Railway station in Spain

Tarragona railway station is the central railway station of Tarragona, Spain. The station is situated on the Valencia−Sant Vicenç de Calders railway and is part of Adif and it accommodates Renfe conventional and Rodalies de Catalunya medium-distance trains.

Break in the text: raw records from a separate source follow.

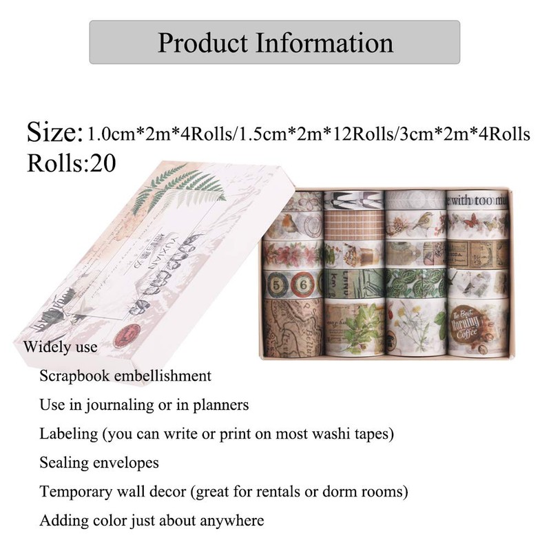 - 20 rolls with different designs, beautiful washi tape, masking tape, decorative tape
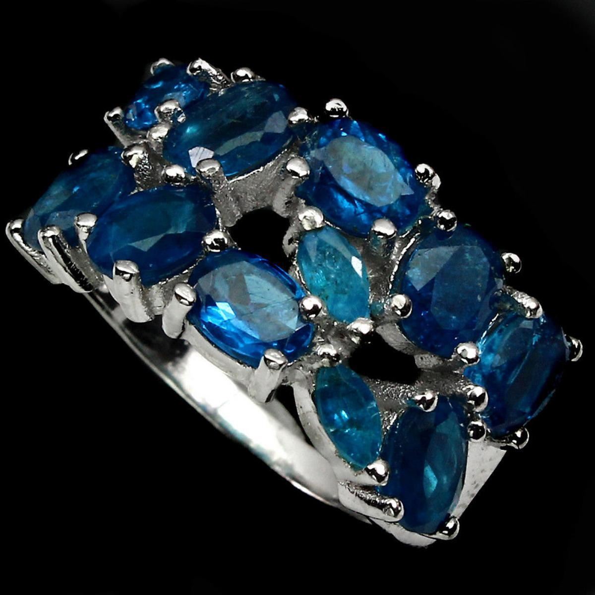 925 STERLING SILVER PLATE 14K WHITE GOLD RING SIZE- 8; MAIN STONE APATITE OTHER GEMS TOTAL WEIGHT 22.33 CT (TOTAL WEIGHT OF SILVER + STONE) DIMENSION * STONE 3.5 TO 5.0 X 4.0 MM. * RING SIZE 8.0 * FACE RING 20.0 X 11.0 MM. MAIN STONE SHAPE OVAL CUT MAIN STONE COLOR AAA PARAIBA BLUE CLARITY/GRADE IF TO VVS LUSTER ELEGANT TREATMENT HEATED ORIGIN AFRICA HARDNESS 5.0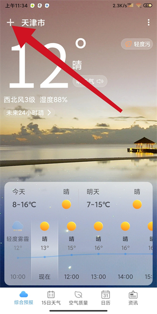 1、打開天氣類APP,點擊左上角加號圖標,進入添加城市頁面。
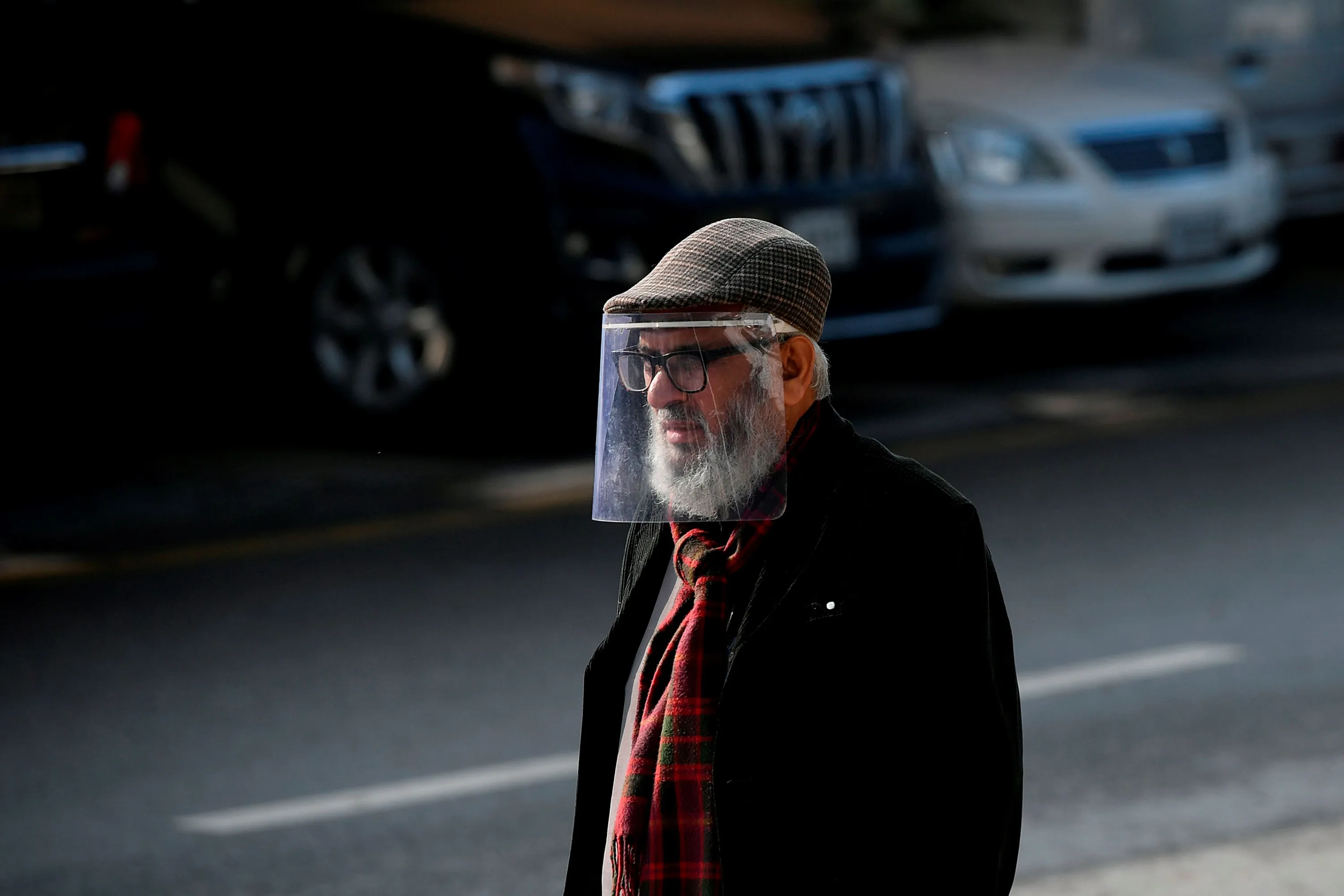 A man wearing a face shield as a preventive measure against the Covid-19 coronavirus walks along a street in Islamabad on December 9, 2020. (Photo by Aamir Qureshi/AFP Photo)

Opened in 1856, Tarragona station has an uncertain future due to the arrival of the Madrid–Barcelona high-speed rail line at a new station called Camp de Tarragona, as well as the opening of an upgraded section of the Valencia−Sant Vicenç de Calders railway bypassing the city of Tarragona. Officially called a "provisional station", it is actually 10 kilometers from the centre of Tarragona, with all long-distance services being rerouted by the upgraded and high-speed lines, calling at Camp de Tarragona station instead.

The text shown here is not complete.